**Your objective:** Print each record exactly as it appears, but drop the images.

Records excerpted from a collection
# # #
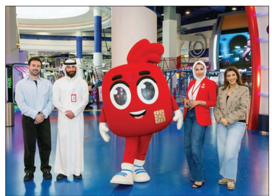
صور جماعية لفريق «الخليج»

والإدارة المسؤولة للاموال. كما تم تعريف الأطفال بأساسيات التعامل مع المال بطريقة مبسطة ومناسبة لأعمارهم، بما يساعدهم على بناء علاقة صحية مع مفهوم الادخار والإنفاق. وذلك إلى جانب
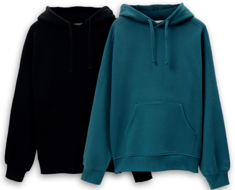
#BasicZ Kapuzensweater Größe S-XXL 100% Baumwolle
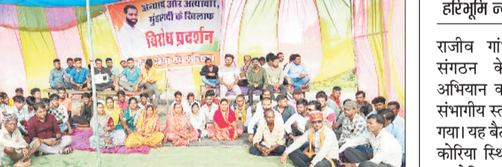
मंगलवार को कैलाशपुर में धरना देते सनातन गौरव मंच के लोग।
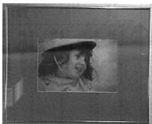
緒方信行さんの作品<祭りの少女>
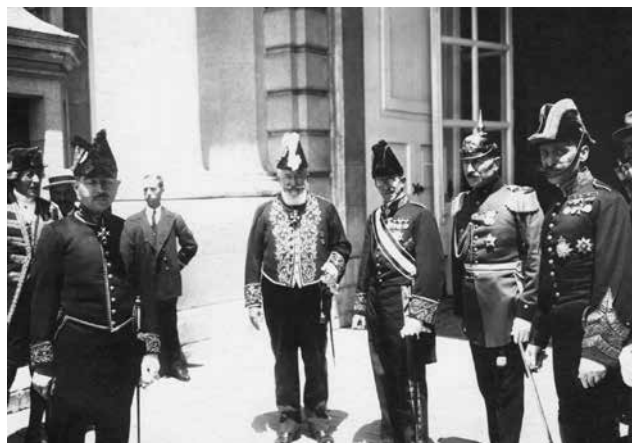
Miembros de la legación de Chile en Madrid

El mismo autor describe que posterior a esta adquisición se procedió a la compra del material aeronáutico antes mencionado, contando con parte del dinero que inicialmente se había destinado a la compra de pólvora.
# # #
**Final answer:**
صور جماعية لفريق «الخليج»

والإدارة المسؤولة للاموال. كما تم تعريف الأطفال بأساسيات التعامل مع المال بطريقة مبسطة ومناسبة لأعمارهم، بما يساعدهم على بناء علاقة صحية مع مفهوم الادخار والإنفاق. وذلك إلى جانب
#BasicZ Kapuzensweater Größe S-XXL 100% Baumwolle
मंगलवार को कैलाशपुर में धरना देते सनातन गौरव मंच के लोग।
緒方信行さんの作品<祭りの少女>
Miembros de la legación de Chile en Madrid

El mismo autor describe que posterior a esta adquisición se procedió a la compra del material aeronáutico antes mencionado, contando con parte del dinero que inicialmente se había destinado a la compra de pólvora.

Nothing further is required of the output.